Ja, das, Woher, Wohin und Wofür dürfte, uns schon seit Anbeginn beschäftigt haben und wird wohl auch ein wesentlicher Baustein auf unserem Weg zum Menschen gewesen sein. Ich bin mir eigentlich sicher, dass sich diese Fragen nicht immer durch reines Beobachten ergründen lassen und es deshalb immer eine diffuse Vermutung bleiben mussten. Es gab also für sie eine Wahrheit, aber es war im Grunde nur ihre eigene Wahrheit. Platon kam jedenfalls mit seinen Überlegungen zum Wozu der Wahrheit schon ziemlich nahe, denn er erkannte, dass die Sorge um das Seelenheil der zentrale Punkt unseres Daseins ist - nämlich das Glücklichsein.
Zu den Ägyptern solltest Du bedenken, dass deren Vorstellung von den drei Seelen untrennbar mit dem Körper verbunden blieb, deshalb hatten sie auch ihre Toten mumifiziert. Alle drei Seelen waren definitiv keine prä-existenziellen Seelen.
Ka und Ba wurden im Mutterleib geboren, während Ach erst bei dem Tod eines Menschen entstand. Ka und Ba verließen beim Tod den Körper. Während Ba in den Himmel aufstieg und immer wieder zum Körper zurückkehrte, blieb Ka im Umfeld des Leichnams zurück, um ihn zu bewahren. Ka war deshalb auch die Seele, mit dem die Hinterbliebene mit dem Verstorbenen in Verbindung blieben.
Ach musste hingegen durch die Taten im Leben und dem Lebenswandel verdienen werden, damit diese zum Himmel aufsteigen konnte, um dort als unsterblicher Stern leuchten zu können.

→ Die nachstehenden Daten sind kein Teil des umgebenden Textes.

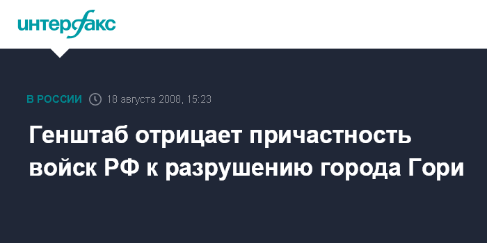 Москва. 18 августа. INTERFAX.RU - Заместитель начальника Генштаба ВС РФ генерал-полковник Анатолий Ноговицын категорически опроверг обвинения в адрес российских военных в том, что якобы в результате их действий сильно пострадал грузинский город Гори.

Das konnte aber erst geschehen, wenn sich Ka und Ba wieder im Körper des Verstorbenen vereinten (die Auferstehung). Also Ach etwas, das in anderen Lehren als die Erleuchtung umschrieben wird. Damit erklären sich dann auch die kleinen Schächte in den Pyramiden, damit die Pharaonen in den Sternenhimmel aufsteigen konnten.
Wo siehst Du da also eine Parallele zu Deinem Seelenmodell? Warum akzeptierst Du nicht, dass es da um Deine Vorstellungen geht, und versuchst Brücken zu bauen, die nichts verbinden können? Nein, Du brauchst Dich nicht zu entschuldigen, denn es geht ja hier um eine Diskussion, bei der kein Blut fließt – zudem lerne ich ja daraus auch immer etwas dazu.